Understanding and using Histograms

What is a Histogram?

Histograms are a specific variation of bar charts, and provide a way to show distributions of data. Statistician Karl Pearson first coined the use of the term histogram in 1892 in his lectures. The “Philosophical Transactions of the Royal Society of London” states that histogram originates “as a term for a common form of graphical representation, i.e., by columns marking as areas the frequency corresponding to the range of their base.”

A histogram tracks the different values found in one set of data as a series of connected bars. Statisticians, scientists, and analysts refer to the widths of each bar as bins or classes.

How to read Histograms

Histograms split a single continuous measure into bins, or groups, that represent a specific range of values. Data points are then grouped into these equally sized bins. The bins are then displayed visually as bars stacked next to each other. To measure the scores of Olympic divers, one bin could contain scores between 2 and 4, the next between 4 and 6 and another the scores between 6 and 8.

Bins are measured by the number of occurrences within each range of values. This count will alter the appearance of the view depending on where the values from the data are concentrated. When the values are concentrated on one side or the other of the middle it is called skew. Other ways the data could display are called:

Bimodal distribution - which has two peaks
Plateau Distribution - which rises to a certain level and stays there for most of the bins
Edge Peak Distribution - which looks like a normal frequency distribution, except one bin at the end is higher than the rest, serving as a sort of tail

The x-axis used on a histogram functions as the width of the bars, while the y-axis functions as the height. Unless a particular category has no frequency at all, there should be no spaces between bars.
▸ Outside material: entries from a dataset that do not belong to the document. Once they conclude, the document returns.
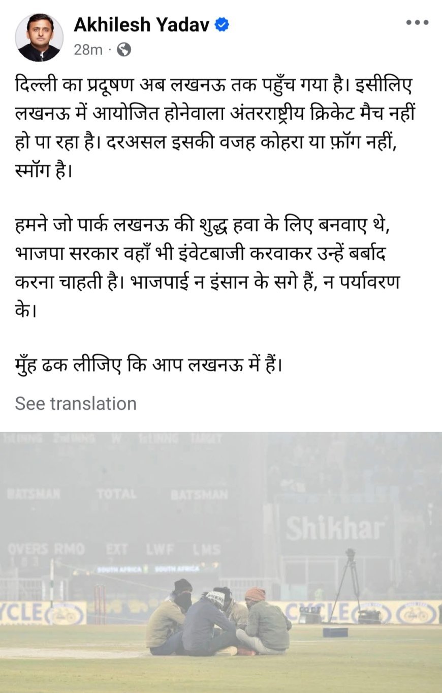 नई दिल्ली,17/12 : दिल्ली का प्रदूषण को लेके अखिलेश यादव अपना सोसिअल मिडिया पे टारगेट किया हे । लिखे हे की, दिल्ली का प्रदूषण अब लखनऊ तक पहुँच गया है । इसीलिए लखनऊ में आयोजित होनेवाला अंतरराष्ट्रीय क्रिकेट मैच नहीं हो पा रहा है। दरअसल इसकी वजह कोहरा या फ़ॉग नहीं, स्मॉग है ।
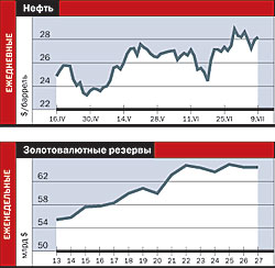 Поменялись настроения и на фондовом рынке. Трейдеры давно ожидали коррекции и, похоже, дождались. В минувшую среду индекс РТС упал почти на 4% — максимальное падение в этом году. На следующий день падение продолжалось. Всего за два дня рынок нивелировал месячный подъем. Повод для коррекции был весомым — начало расследования прокуратурой налоговой деятельности ряда нефтяных компаний, российских "голубых фишек". Участники рынка полагают, что вместе с наездом властей на собственников ЮКОСа это четкий сигнал властей крупному бизнесу. К смене правил во время игры российским трейдерам не привыкать. Проблемой это может быть для консервативных иностранных инвесторов, которые постепенно возвращаются в Россию. Так что традиционная летняя коррекция, к которой многие инвесторы относятся с пониманием, при неуклюжих действиях властей может привести к неуправляемому падению фондового рынка.
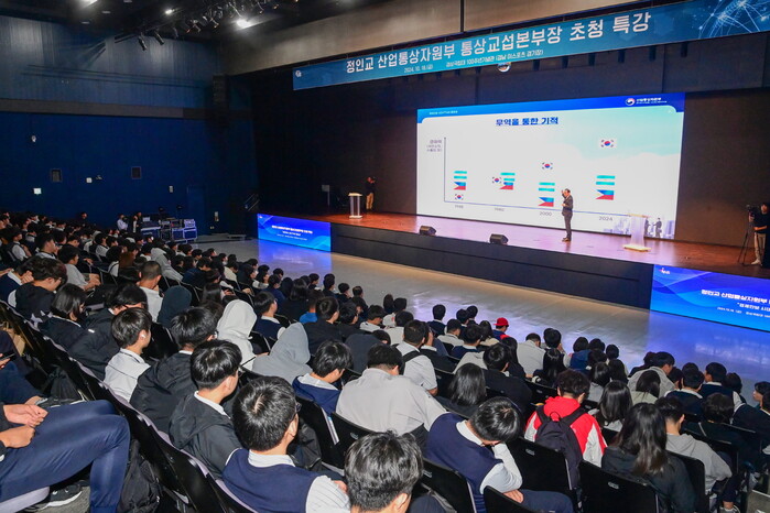 산업통상자원부(장관 안덕근, 이하 산업부) 정인교 통상교섭본부장은 10.18(금) 오후 진주시(시장 조규일)에 위치한 경상국립대 100주년 기념관에서 자유무역협정(FTA) 및 통상 정책의 중요성에 대해 특별 강연을 진행하였다.

There are two primary ways of displaying data in a histogram: Count of values within bins, and Density of values (% of Total).

What type of analysis do histograms support?

Histograms work best when displaying continuous, numerical data. If the user wants to analyze the average number in a group of measurements, a histogram can give a viewer a grasp of what to generally expect in a process or system. A restaurant that wants to display its busiest hours online might use a histogram. It would split the average number of customers that visit every day into bins that measure how many customers visit on average every hour.

Unlike bar charts, histograms do not support comparisons between two or more categories. These charts make it easy to analyze distribution of the numbers, and the largest frequencies. They make it easy to perform statistical analysis, especially when it comes to analyzing population data (Ex. age, sex, ethnicity).

Some other measurements that fit into a histogram might include depth of water or difference in temperature. A country’s census might also work in histogram form if the goal was to show the number of people who were born in a certain decade.

For data sets that impact customers, consumers, or clients, histograms can be used to measure satisfaction. Some customers may feel their needs aren’t being met and might score the process with a low number, while others score it with a high number. A histogram can help you find the average and determine if the process itself needs improvement.

How to use Histograms for Visual Analysis

To plot a histogram you need a continuous value and an axis starting at zero to properly display the count of values within each bin. While these counts can be zero, there won’t be negative values.

You should use a histogram if:

You would like to explore how members within a category in a dataset are distributed. i.e. The breakdown of salaries within an organization with the ability to see how balanced your pay scale is, or the count of bank members that have X amount of dollars in their accounts
You have one continuous, numerical value that can be split into multiple bins
You are looking to understand the distribution of values within a single category

Avoid using a histogram if:

You need to analyze multiple dimensions simultaneously
Your data set isn’t scaled correctly
You want to compare the specific values of individual data points

Great example of a Histogram

This histogram looks at Airbnb rentals in Austin, Texas, showing price per day in $25 bins. The chart has a right-skewed distribution, and the average price for an Airbnb seems to be between $50 a night and $150 a night.

This histogram uses only one color
It looks at one measure
It has an easily estimated average